The reserved words are case-insensitive.

These reserved word list may change in the future. The above also includes unnecessary words because of according to the standard SQL definition.

Comments

Comments are treated as whitespace characters in Tsurugi SQL.

<comment>:
  <simple-comment>
  <block-comment>

<simple-comment>:
  -- ...

<block-comment>:
  /* ... */

Conversions

When an expression needs to be evaluated with different types for comparisons, arithmetic operations, assignments, etc., type conversions are performed to match the types before processing.

Type conversions can be explicit or implicit.

  • Implicit type conversion is done automatically by SQL engine and compiler when the value change is known to be safe.
  • Explicit conversions are not necessarily safe and require explicit instructions by CAST expressions.

Explicit conversion

Explicit conversion can be done by specifying the destination type with a CAST expression.

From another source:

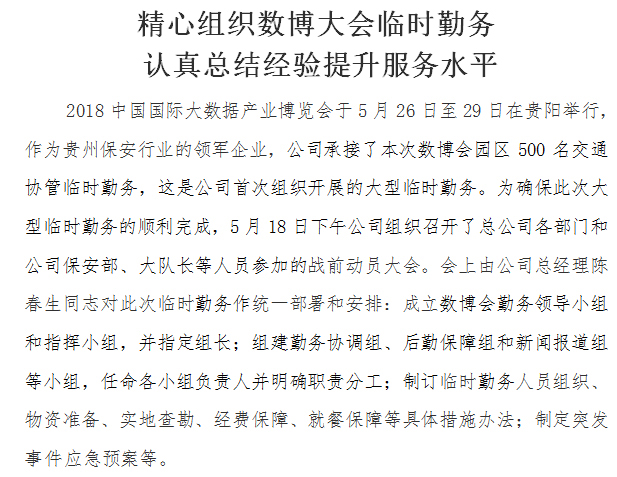 精心組織數(shù)博大會臨時勤務 認真總結(jié)經(jīng)驗提升服務水平

CAST expression is possible when the source and target types are one of the following:

  • INT
  • BIGINT
  • REAL
  • DOUBLE
  • DECIMAL
  • CHAR
  • VARCHAR

CAST expression chooses appropriate values for successful conversion unless conversion is not possible in principle. For example, values that exceed the range of possible values to be stored in the destination are rounded to the appropriate value near the boundary value.

Implicit conversion

Binary promotion

When performing arithmetic operations or comparisons between two different types, type conversion is performed beforehand to a wider type that includes both types. The following is a list of the source types and the result type of conversion.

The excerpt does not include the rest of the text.